Sometimes I am totally dumbfounded at what we do in this country. Take the "Don't Ask, Don't Tell" rule in our military. It's been in the news again lately.
Can gay Americans serve in the military and protect our nations's security just as well as straight Americans? Of course they can. So it makes absolutely no sense at all that the federal government has spent hundreds of millions of dollars to purge our military of gay service members -- including many with valuable skills desperately needed in today's armed forces, such as Arabic language specialists.
What is our great fear of homosexuals? As a drama major and a heterosexual, I worked for years in theatre, through my college years and then semi-professionally at The Wagon Wheel Summer Theatre in Warsaw, Indiana.
As a heterosexual, if you work in the arts you are going to find out what it is like to be a minority group. But here's the thing, and I say this with all honesty and candor: gay people are no threat to me whatsoever. In fact, they are some of the most intelligent, witty, and talented people I have had the joy to work with over the years.
I once performed an after dinner show for Northwest Fabrics. In appreciation, they gave me a white hooded sweatshirt with the Northwest Fabrics Logo on the front. It was extremely comfortable and I wore it a lot.
It never crossed my mind that someone would construe that sweatshirt as "too gay".
One day I was going through the check out line at the local supermarket and the checkout guy, who ordinarily was a stocker, looked at my sweatshirt and said: "How can you wear that sweat shirt? I would never wear a sweatshirt that said Northwest Fabrics on it."
I just smiled and said: "I guess that's because I am much more secure in my masculinity than you are in yours."
And that's the way I feel about the manly men who get their undies in a bundle when they are in the presence of a gay man. As Shakespeare would say: Methinks the man protests too much.
Gay soldiers have served in every war our nation has fought, and currently serve openly in the military of almost every modern industrialized nation on the planet, including 20 out of 25 NATO countries.

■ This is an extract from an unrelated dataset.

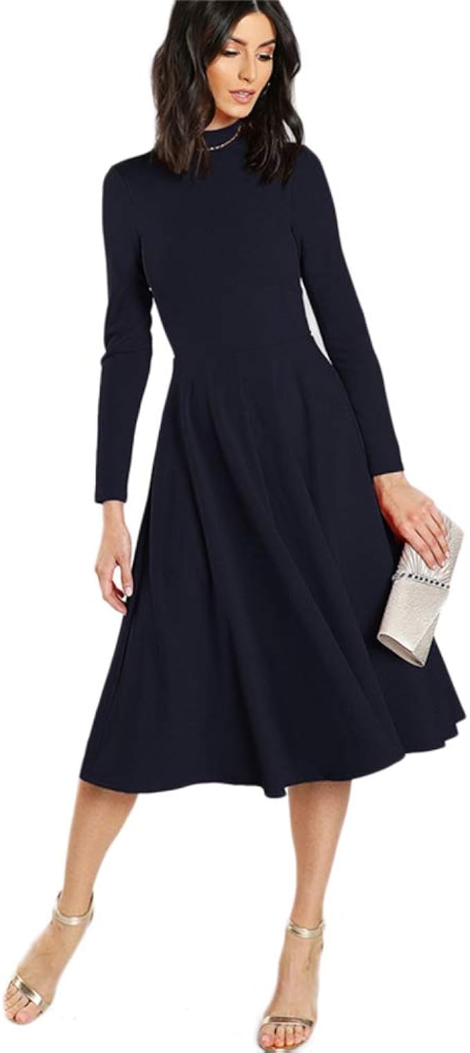 Xiguak Womens Stehkragen Ausgestelltes Business Work Kleid Langarm Hohe Taille Buro Damen Plissee Party Midi Kleid Amazon De Bekleidung

There's just no reason that people with the courage and the skills the military needs should be prevented from serving in our armed forces simply based on their sexual orientation.
If we intercepted a terrorist message about a ticking time bomb, and the only available translator was openly gay, would you want him to be fired?
It's time to tell your representative to ditch the "Don't Ask, Don't Tell" policy. I already have!